A very powerful piece of writing with deep emotions spilling forth, the strong closure carries the weight
of this piece especially the closing line~ Well penned~Fran Marie
All I could think was "wow". It's a little off in the beginning, but towards the end, amazing. Short and so full of meaning. Truly, I am one for religion, though I never think of it like this. Still, I've loved this work you've done. I loved the subject.
Your rhymes are well done and once the rhythm balanced out, it really flowed. People will often question God and my faith can't be counted of the stable vote at all. The line, "A break in the system, or a system that's broken?" was my favorite and I liked it that you had repeated it. That's really a line to leave the reader thinking. Well done.
it is a great write...i love it. However what i felt is.... in a way i can relate myself and my writings to this (a bit though), this is a scream (a silent one) to God!
there is anger inside and outside...i can feel the heat....but for a moment my dear friend....think.... did God do this all?
I mean I just felt like this that we're blaming a wrong person, hmmm.. more clearly there is a question in the end...you're asking HIM, (though not blaming right away)....

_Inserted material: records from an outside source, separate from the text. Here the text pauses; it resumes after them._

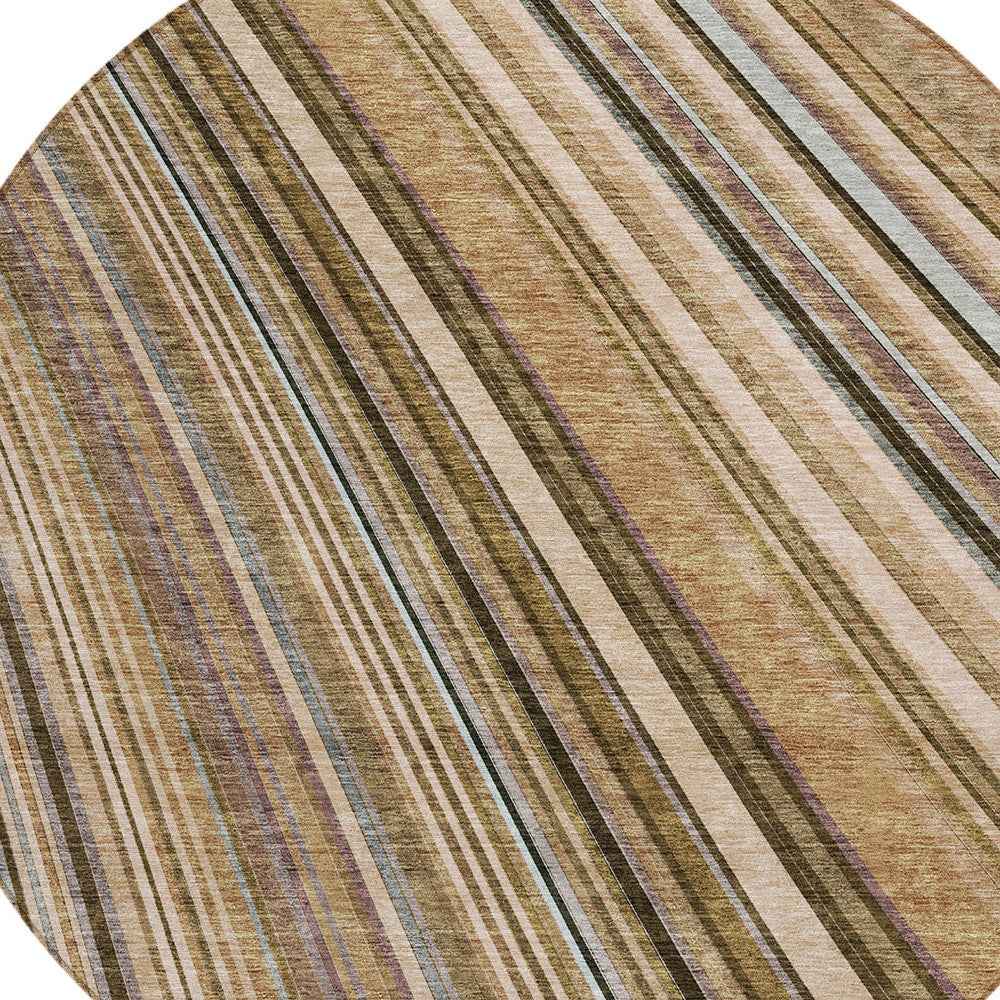 8' Taupe Beige And Brown Round Striped Washable Indoor Outdoor Area Rug
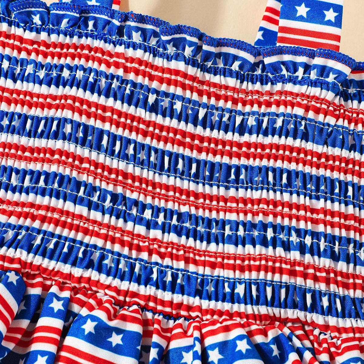 Baby Girl Independence Day Sling Smocking Bodysuit with Headband Wholesale
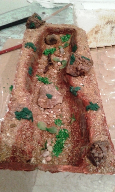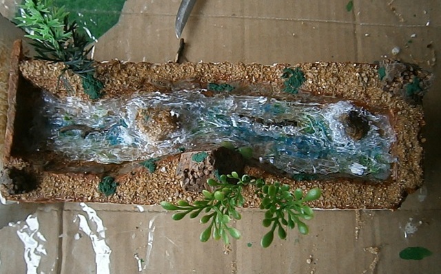 El efecto es muy bonito. Claro depende de las dimensiones de tu belén pero, ya que queda muy chulo, yo lo haría de un curso más largo, no una sección tan pequeña, así seguro que queda más realista. Lo único que creo que no está bien, desde mi humilde opinión, son las piedras grandes de los lados, que se notan las bolitas del porex. Yo intentaría tallarlas un poquito o darles alguna masilla.
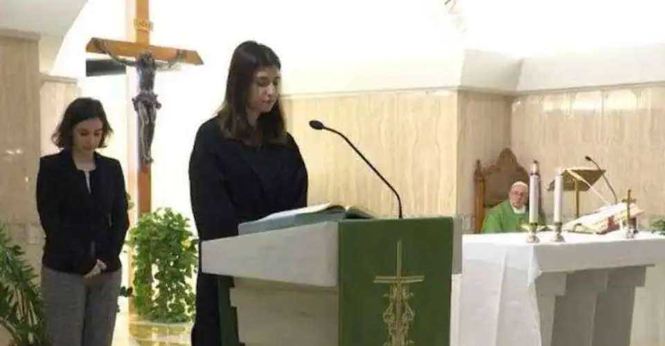 A laywoman reads at Mass in the Casa Santa Marta at the Vatican in February 2020. (Photo: Vatican News)
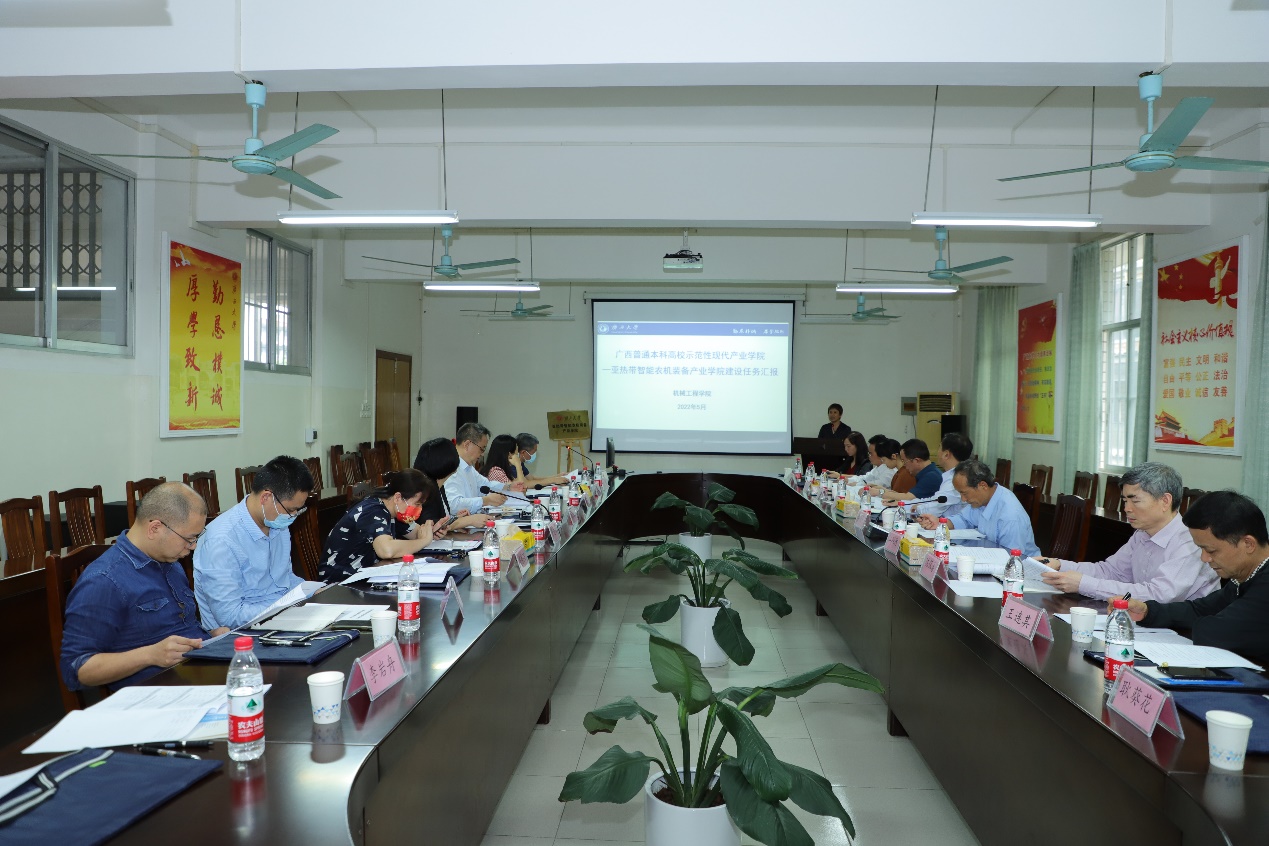 揭牌仪式结束后,专家们针对亚热带智能农机装备产业公司建设任务展开认真论证研讨。公司分管本科教学工作的李俚副经理向与会专家汇报了产业公司建设的前期工作以及产业公司建设规划。专家们一致认为,智能农机装备产业公司建设需要加强校企沟通与合作,以服务产业发展需求和强化公司办学优势特色出发,整合多元共建主体资源,共同对关键技术进行研究与开发,推进智能农机装备产业创新和发展。现代产业公司,意味着与传统的高校人才培养模式不同,要紧扣“产业”需求,突出“产业”特色,创新人才培养模式,构建更加科学实用的激励及评价体系,才能让亚热带智能农机装备产业公司为广西的区域经济社会与产业发展提供高质量人才和智力支撑。最后,专家组一致认为产业公司的建设符合国家的农业产业战略,目标定位准确,任务合理可行。同时,与会专家领导纷纷为产业公司的高质量发展提出宝贵的建议与意见。
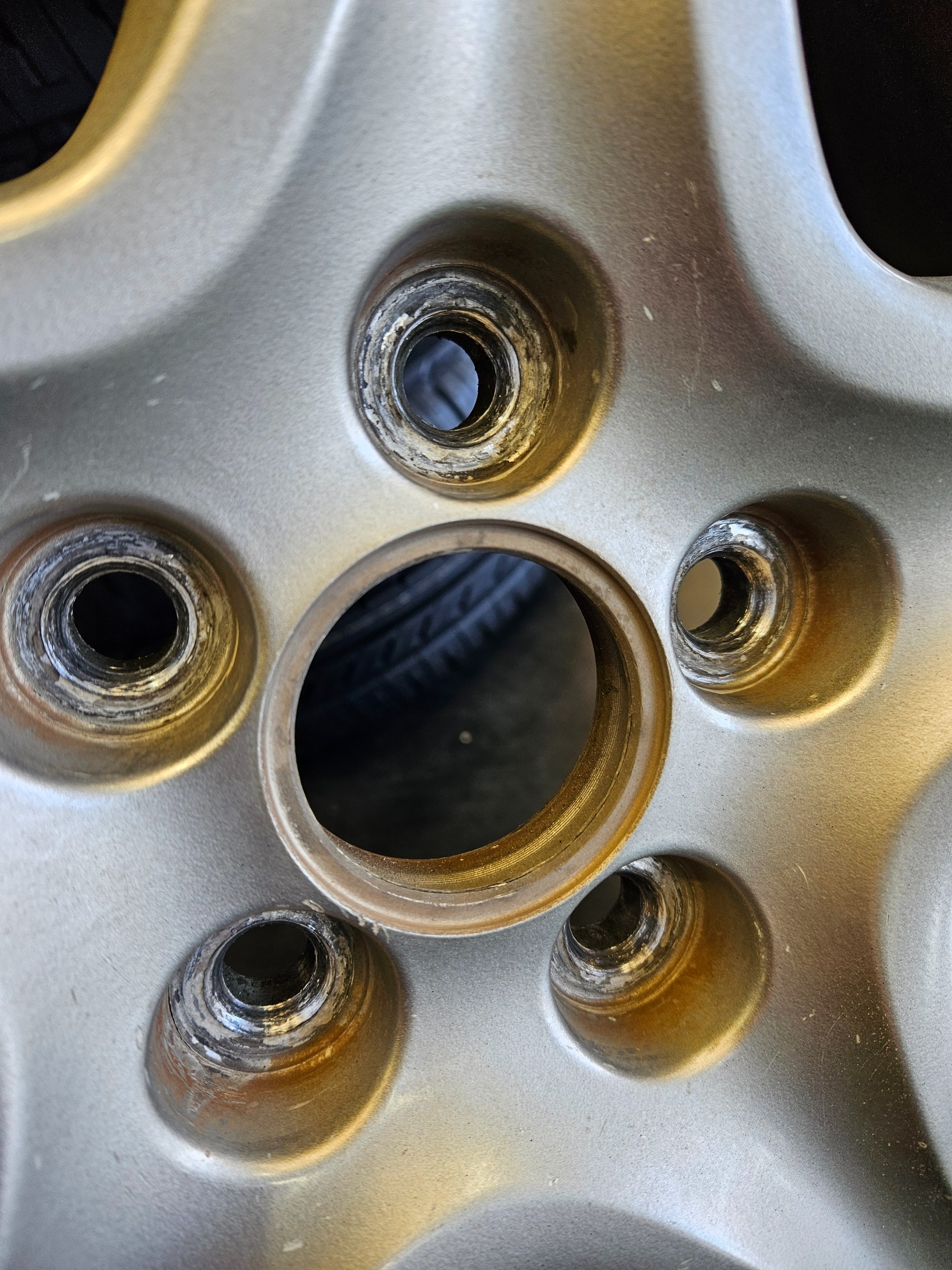 昨日お預かりしましたお客様のホイールを点検しましたところ、ホイールナットの取り付け部分が長年の使用で楕円やえぐれてる箇所があり、車に装着した後も、ナットの緩みが出る可能性が高いことがわかりました
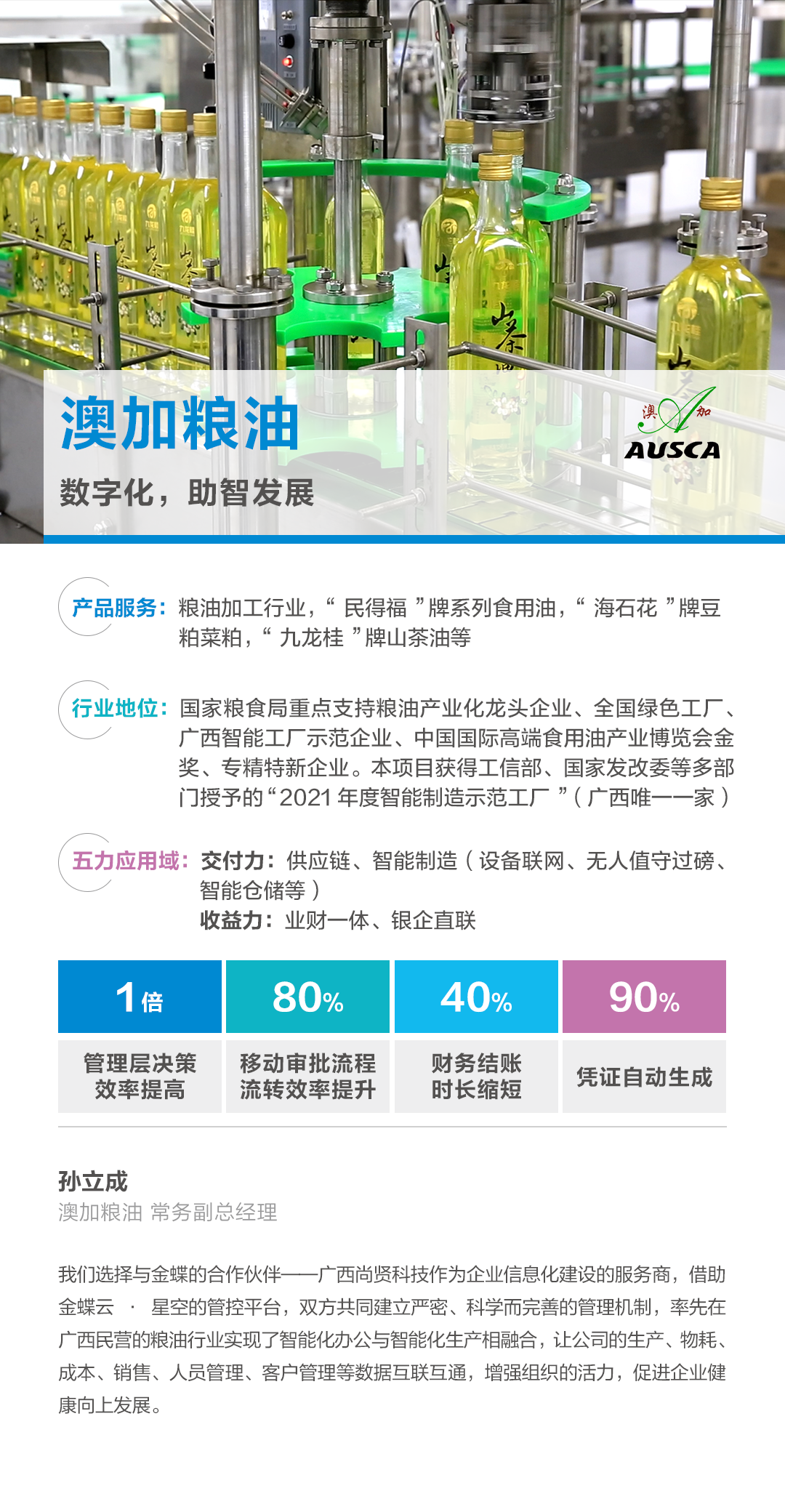 2019年澳加糧油與尚賢科技(廣西金蝶伙伴)正式簽署協議,雙方共同合作打造糧油企業的數字化工廠管理平臺,尚賢科技為澳加糧油實現智能制造提供軟件基礎和信息化技術服務。金蝶云產品的開放性,可迅速解決澳加糧油多種智能設備和系統對接的需求,同時多組織多核算體系、全成本核算、移動應用等,能承載澳加糧油未來的發展規劃需求。雙方共同努力,目前企業已實現:
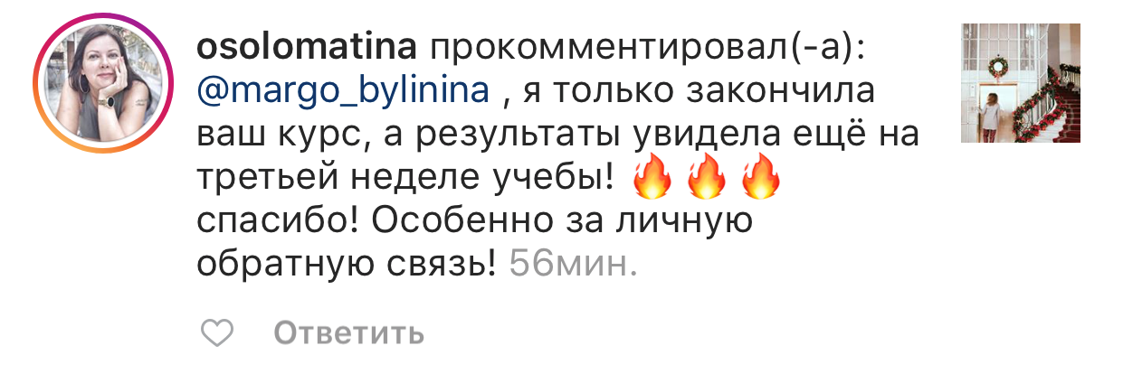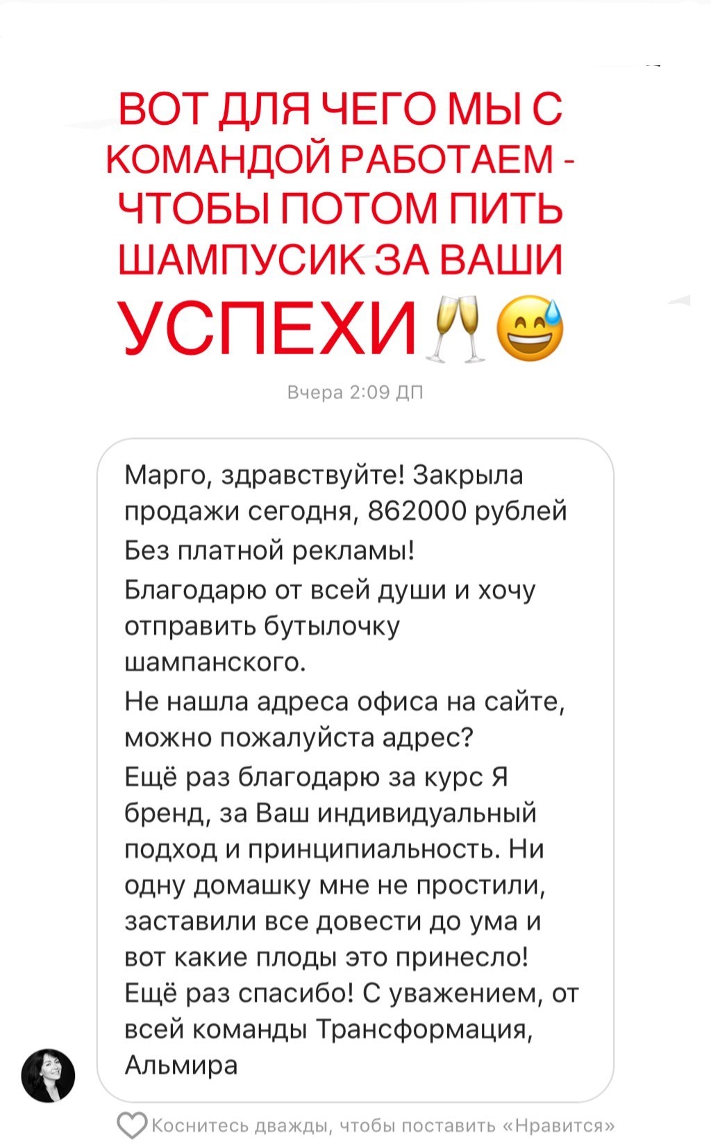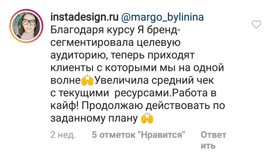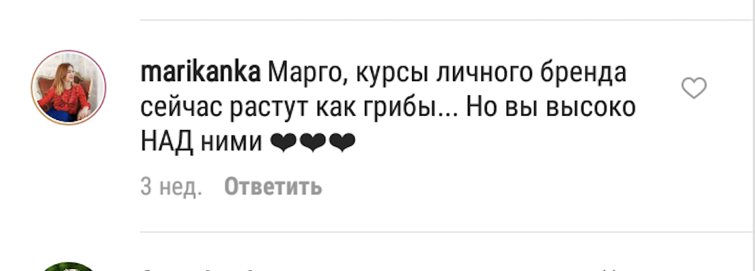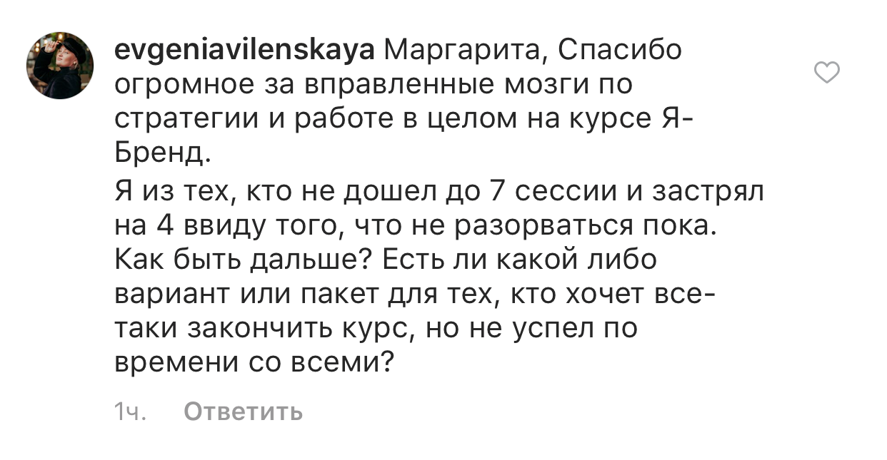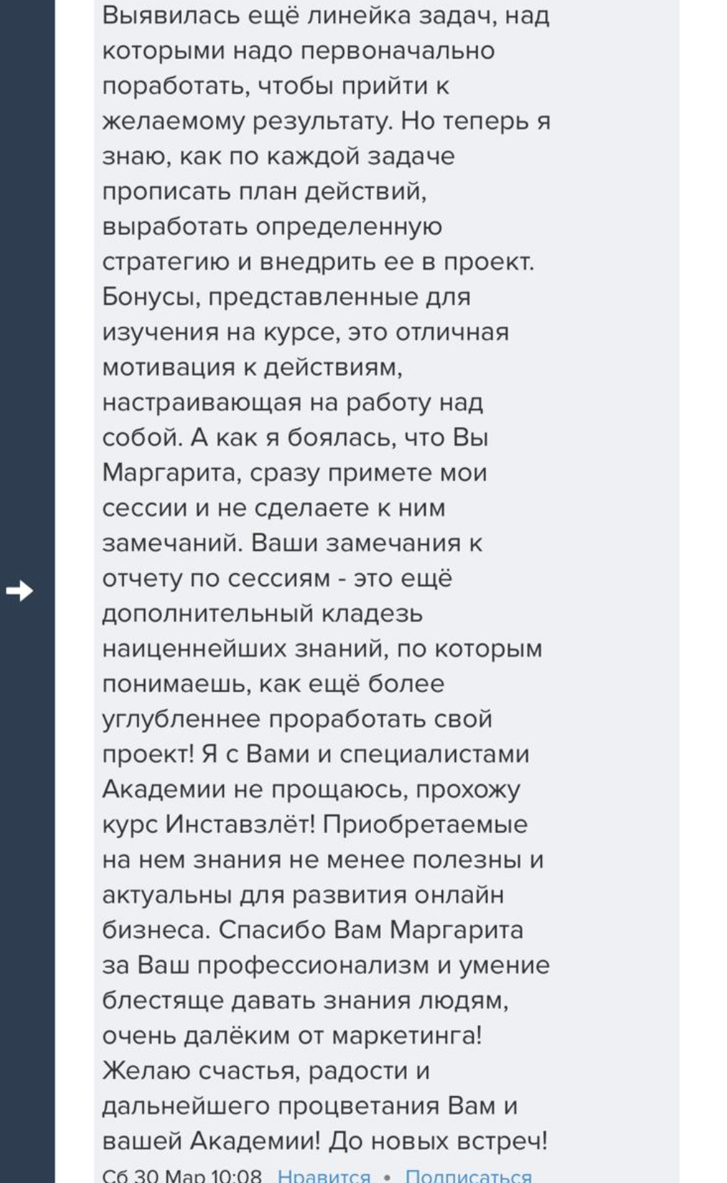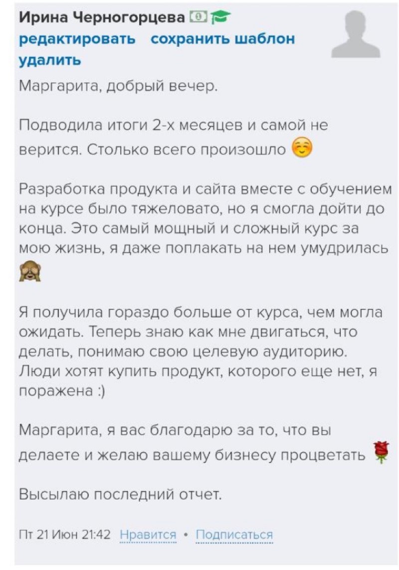 Спасибо Марго за этот курс! Марго помогла раскрыть мне себя.

Yes, there is a fault and someone did this...a big mistake......but who the hell is responsible?!!
I liked the way you mentioned a man in the white coat...( and i felt him to be an apostle of GOD), or he can be just a priest...be him anyone...doesn't matter.
You found him a bit responsible for all the wrong, I do agree... but to an extend.....take him as a normal human. Just a man, take him as me, as you, as anyone else...and he is responsible!
It's a good question to ask....Why this pain?......but do you think will God give you any answer....no he won't.
Can you give any explanation for which you're not responsible...for others mistakes....?
No one can...and why should we...
God gave us the gift of abundant Freedom...and my dear, this pain is a free gift to it. This is because of us.....we don't know how to use this freedom....and the result is so prominent!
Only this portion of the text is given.